• Task requirements
Once the line with "Sử dụng băng" is found in the entries below, print it and each following line exactly, stopping after the line with "Lomas de Caboo"; print nothing else.

• Data records
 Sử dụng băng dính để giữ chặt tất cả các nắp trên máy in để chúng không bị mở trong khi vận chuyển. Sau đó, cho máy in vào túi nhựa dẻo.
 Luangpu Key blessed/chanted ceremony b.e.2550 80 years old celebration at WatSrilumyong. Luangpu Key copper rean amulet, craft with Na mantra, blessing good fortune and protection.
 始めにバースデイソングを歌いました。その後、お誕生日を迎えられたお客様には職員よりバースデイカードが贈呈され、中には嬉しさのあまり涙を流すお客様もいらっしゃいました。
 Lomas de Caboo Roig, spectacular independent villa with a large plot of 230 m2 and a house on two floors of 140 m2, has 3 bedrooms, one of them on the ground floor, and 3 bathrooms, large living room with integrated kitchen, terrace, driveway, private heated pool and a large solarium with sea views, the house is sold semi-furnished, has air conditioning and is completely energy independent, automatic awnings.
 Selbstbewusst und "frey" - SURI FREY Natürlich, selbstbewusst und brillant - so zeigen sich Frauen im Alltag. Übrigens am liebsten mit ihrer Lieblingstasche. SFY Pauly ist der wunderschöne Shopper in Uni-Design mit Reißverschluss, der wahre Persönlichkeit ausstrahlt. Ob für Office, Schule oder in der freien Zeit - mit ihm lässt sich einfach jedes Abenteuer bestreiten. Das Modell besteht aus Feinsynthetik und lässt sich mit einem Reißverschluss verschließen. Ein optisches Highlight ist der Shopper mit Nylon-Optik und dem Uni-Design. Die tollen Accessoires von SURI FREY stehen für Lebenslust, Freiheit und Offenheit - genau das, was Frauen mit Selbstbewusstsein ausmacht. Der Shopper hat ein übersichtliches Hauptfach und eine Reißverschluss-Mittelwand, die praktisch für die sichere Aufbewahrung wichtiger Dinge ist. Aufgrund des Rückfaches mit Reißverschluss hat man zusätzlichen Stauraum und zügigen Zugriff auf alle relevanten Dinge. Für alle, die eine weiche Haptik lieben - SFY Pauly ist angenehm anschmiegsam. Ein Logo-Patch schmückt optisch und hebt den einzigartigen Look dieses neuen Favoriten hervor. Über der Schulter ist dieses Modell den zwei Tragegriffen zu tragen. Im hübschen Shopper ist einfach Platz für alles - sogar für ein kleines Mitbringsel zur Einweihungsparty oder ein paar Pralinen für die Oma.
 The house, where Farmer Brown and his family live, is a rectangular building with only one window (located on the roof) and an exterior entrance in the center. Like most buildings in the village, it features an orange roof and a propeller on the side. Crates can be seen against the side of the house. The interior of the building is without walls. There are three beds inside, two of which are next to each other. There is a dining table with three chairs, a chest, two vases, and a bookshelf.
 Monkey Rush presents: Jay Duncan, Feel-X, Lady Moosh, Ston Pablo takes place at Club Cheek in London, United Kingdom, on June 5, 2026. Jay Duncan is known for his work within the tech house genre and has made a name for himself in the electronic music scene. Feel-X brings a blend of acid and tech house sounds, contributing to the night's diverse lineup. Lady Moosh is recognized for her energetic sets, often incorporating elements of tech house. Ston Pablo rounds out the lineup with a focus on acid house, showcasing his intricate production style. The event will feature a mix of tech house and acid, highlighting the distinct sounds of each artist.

--

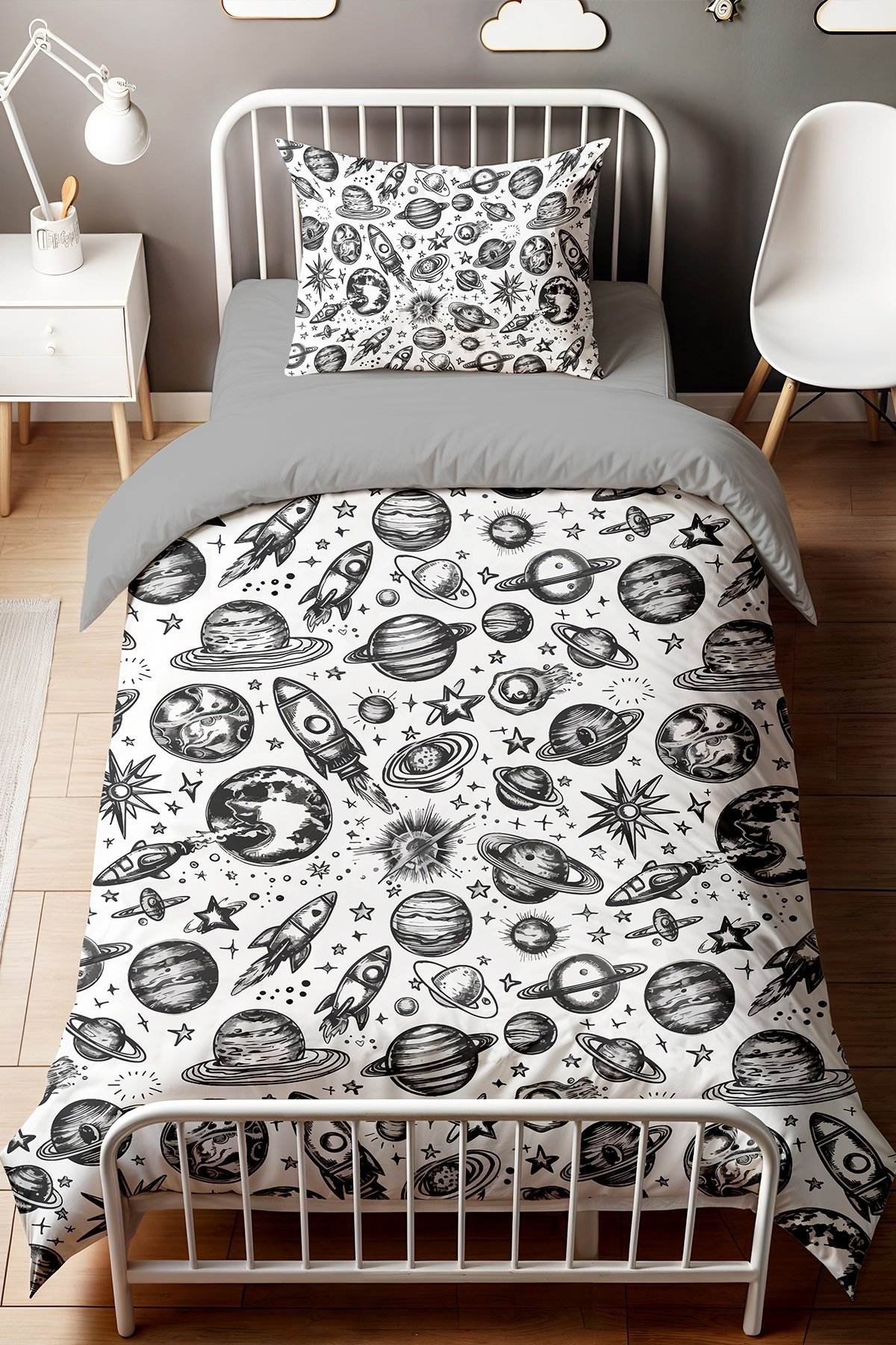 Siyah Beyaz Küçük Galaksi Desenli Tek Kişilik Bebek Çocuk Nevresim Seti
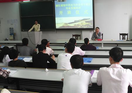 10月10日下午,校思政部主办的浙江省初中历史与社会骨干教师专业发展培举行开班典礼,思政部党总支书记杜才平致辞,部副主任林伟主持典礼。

• Solution
 Sử dụng băng dính để giữ chặt tất cả các nắp trên máy in để chúng không bị mở trong khi vận chuyển. Sau đó, cho máy in vào túi nhựa dẻo.
 Luangpu Key blessed/chanted ceremony b.e.2550 80 years old celebration at WatSrilumyong. Luangpu Key copper rean amulet, craft with Na mantra, blessing good fortune and protection.
 始めにバースデイソングを歌いました。その後、お誕生日を迎えられたお客様には職員よりバースデイカードが贈呈され、中には嬉しさのあまり涙を流すお客様もいらっしゃいました。
 Lomas de Caboo Roig, spectacular independent villa with a large plot of 230 m2 and a house on two floors of 140 m2, has 3 bedrooms, one of them on the ground floor, and 3 bathrooms, large living room with integrated kitchen, terrace, driveway, private heated pool and a large solarium with sea views, the house is sold semi-furnished, has air conditioning and is completely energy independent, automatic awnings.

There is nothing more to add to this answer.